PROBLEM DETAILS:
Write out the entries below exactly, starting at the first line and stopping after the line that contains "Ich liebe ja"; skip all pictures.

** Opening DATA FOR ANALYSIS block **

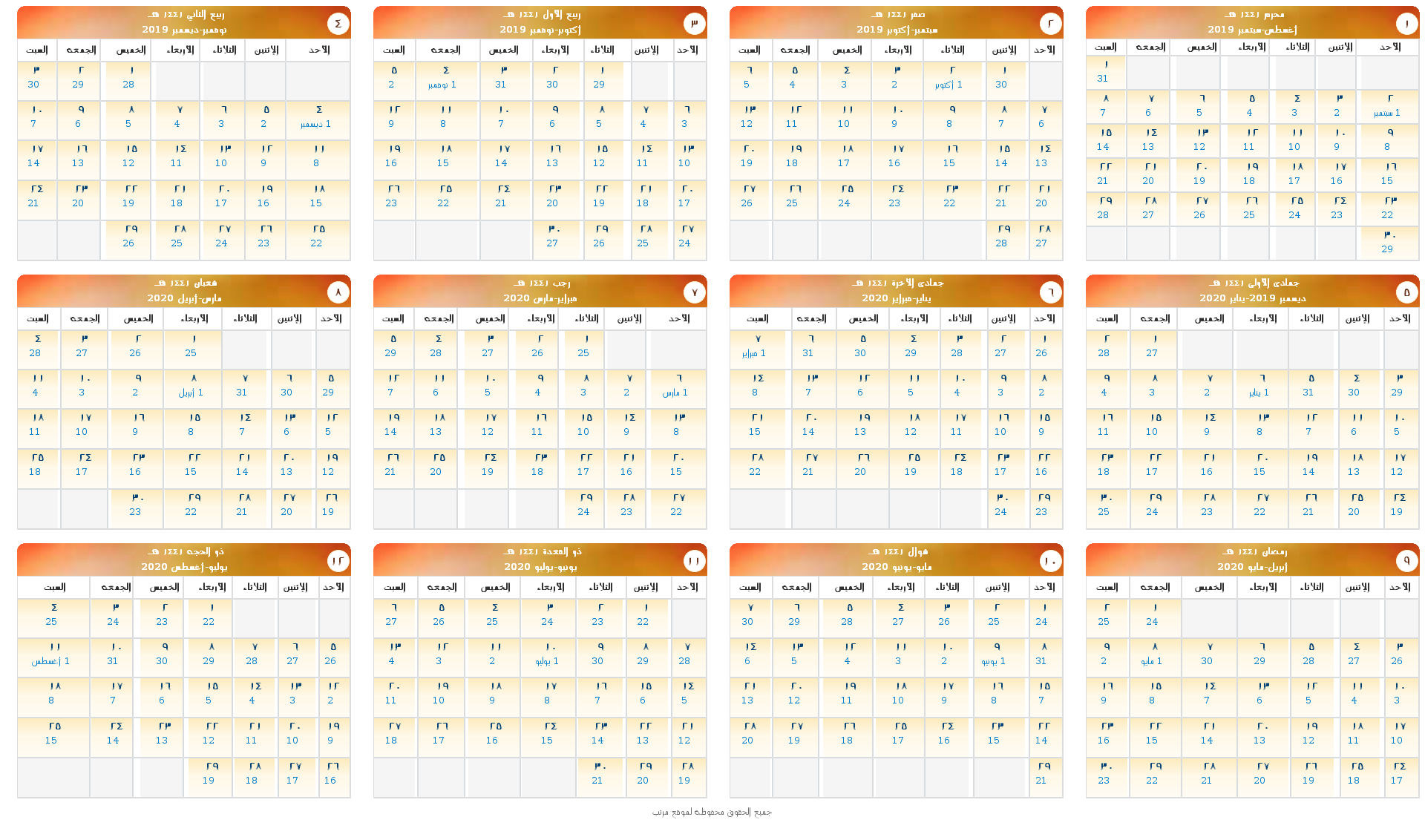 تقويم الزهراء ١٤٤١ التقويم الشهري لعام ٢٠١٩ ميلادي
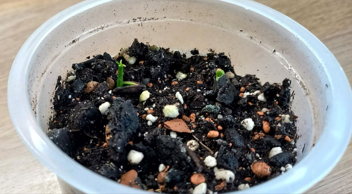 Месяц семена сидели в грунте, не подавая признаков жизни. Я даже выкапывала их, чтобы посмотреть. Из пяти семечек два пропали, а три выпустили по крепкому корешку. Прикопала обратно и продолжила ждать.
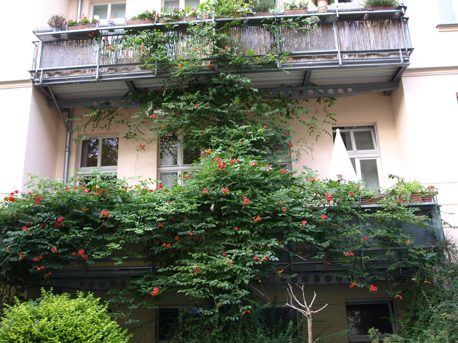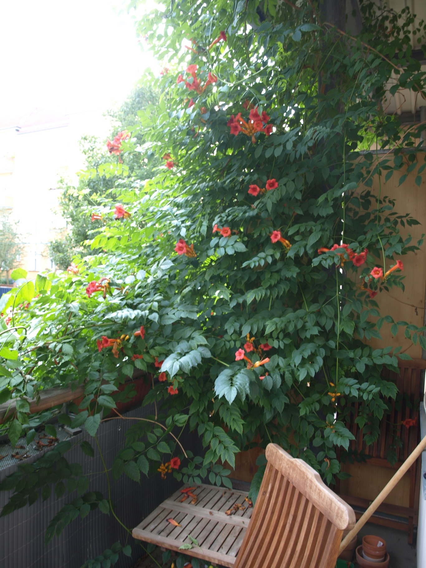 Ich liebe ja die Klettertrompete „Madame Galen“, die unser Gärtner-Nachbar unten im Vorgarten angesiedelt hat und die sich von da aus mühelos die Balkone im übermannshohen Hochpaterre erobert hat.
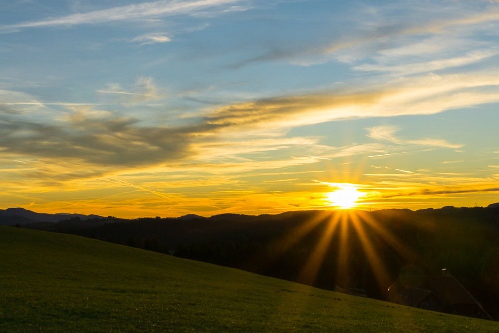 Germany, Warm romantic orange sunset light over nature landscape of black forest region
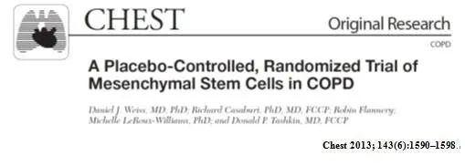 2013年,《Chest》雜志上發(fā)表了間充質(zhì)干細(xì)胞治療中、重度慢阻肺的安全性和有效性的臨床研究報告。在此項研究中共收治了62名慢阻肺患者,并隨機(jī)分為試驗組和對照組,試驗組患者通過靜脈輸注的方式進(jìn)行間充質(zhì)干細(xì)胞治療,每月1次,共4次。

** Closing DATA FOR ANALYSIS block **

YOUR RESPONSE:
 تقويم الزهراء ١٤٤١ التقويم الشهري لعام ٢٠١٩ ميلادي
 Месяц семена сидели в грунте, не подавая признаков жизни. Я даже выкапывала их, чтобы посмотреть. Из пяти семечек два пропали, а три выпустили по крепкому корешку. Прикопала обратно и продолжила ждать.
 Ich liebe ja die Klettertrompete „Madame Galen“, die unser Gärtner-Nachbar unten im Vorgarten angesiedelt hat und die sich von da aus mühelos die Balkone im übermannshohen Hochpaterre erobert hat.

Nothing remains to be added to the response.